When urban compactness is relatively high, infrastructure improvements would include projects catering to high population density, such as buses and subways. This is because compact cities can improve public transportation utilization by strengthening land use near public transportation stations, which greatly improves the feasibility of public transport supply [
33]. Newman and Kenworthy [
34] found indirect evidence that higher-density cities are associated with high use of public transport. As public transport declines, population density drops at around 20–30 people per hectare [
35]. As cities become more compact, commuting distances decrease, the benefits of public transportation infrastructure also become more apparent, thus the demand for private cars decreases. Based on the discussion, we propose the following hypothesis:
Hypothesis 3.1 (H3.1). The relationship between city shape and private cars is inverted-U-shaped.
Hypothesis 3.2 (H3.2). The relationship between city shape and public transportation is U-shaped.

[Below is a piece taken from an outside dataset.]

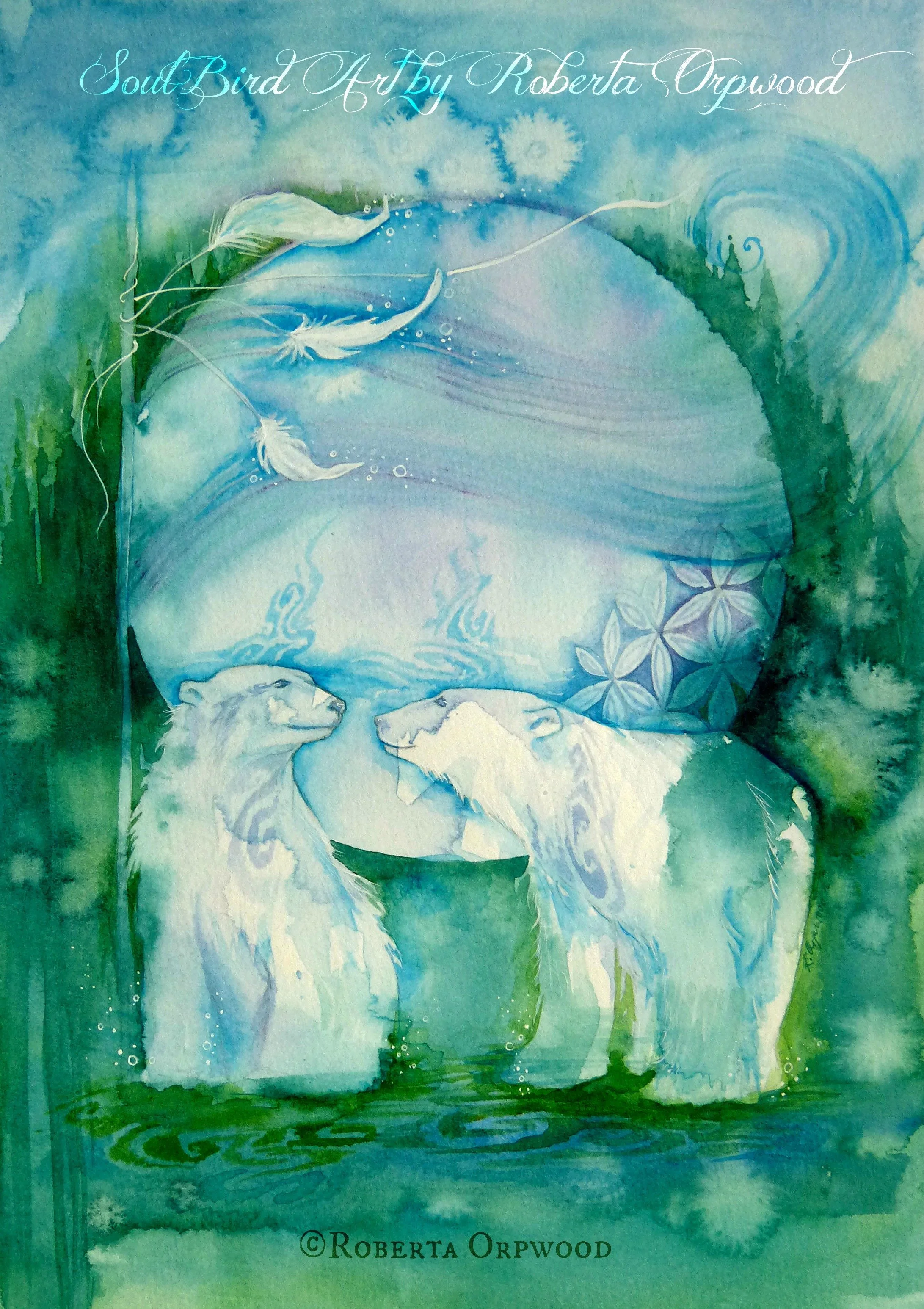 This small painting speaks of soul connection, the kind that feels ancient, protective and true. Polar Bear medicine carries strength, resilience and deep loyalty. Together, they remind us that even in the coldest landscapes, love is a living fire.

For the two modes of transportation, the impact on the poor must be discussed separately. The expansion of public transportation will attract the poor, whereas the increase of private cars will reduce the poor’s quality of life. In less compact cities, public transportation is relatively poor. This would then cause the number of private cars to grow, but low-income families are unable to afford them. They would then have to deal with long-distance commutes and heavy traffic. The difficulties and high costs associated with long commutes may also result in missed job opportunities, further hindering economic mobility. In comparison, infrastructure in densely populated cities is often better, providing better access to public transportation. As cities become more compact, the number of private cars decreases, traffic congestion decreases, and the difficulty and cost of commuting for the poor decreases. According to Glaeser et al. [
36], public transportation is an important policy instrument that can influence the location decisions. The location preference of low-income families is highly sensitive to traffic conditions. When commuting conditions are poor, low-income families tend to emigrate, thus reducing the number of poor people in the city. In contrast, favorable commuting conditions and good infrastructure may attract low-income migrants, causing urban poverty levels to rise. Therefore, we expect the following:
Hypothesis 3.3 (H3.3). The number of private cars is positively related to urban poverty.

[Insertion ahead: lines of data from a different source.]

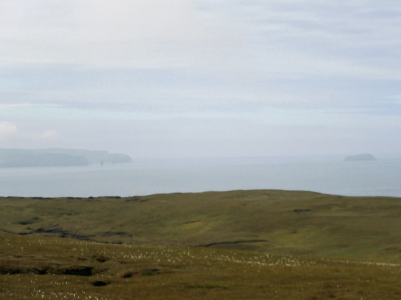 A very hazy view down the coast to to Sandwood Bay and the island of Am Balg.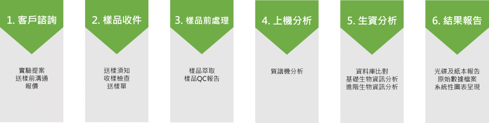 樣品前處理:我們提供樣品萃取及電泳服務,樣品處理完後會進行品質確認,確認樣品狀況適合實驗服務。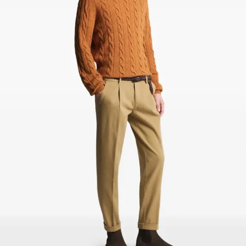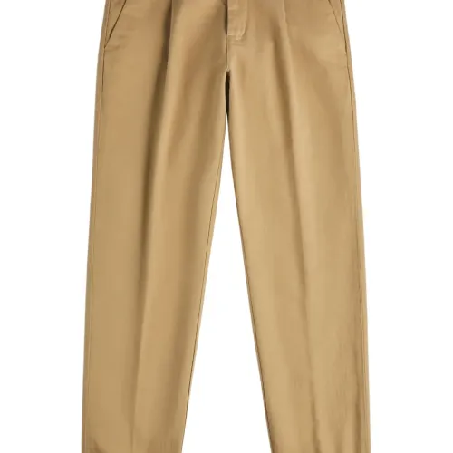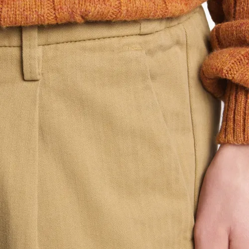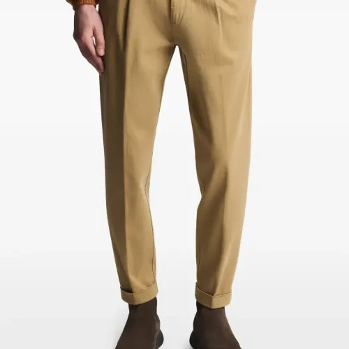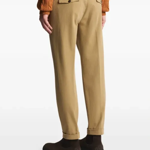 бежевые брюки с эластичным поясом, застегивающимися на пуговицу задними карманами и подворотами

Hypothesis 3.4 (H3.4). Public transportation is positively related to urban poverty.
Urban compactness indicates the state of compactness of a given city. When the city’s compactness is low, we assume it is not compact and may even spread disorderly. When the city’s compactness is high, the distribution of urban economic activity is also compact. Based on the above discussion on total population growth and the impact of housing and transportation on the poor, we argue that the impact of compact cities on urban poverty is nonlinear and complex. We therefore hypothesize:
Hypothesis 4 (H4). The impact of city shape on urban poverty is nonlinear.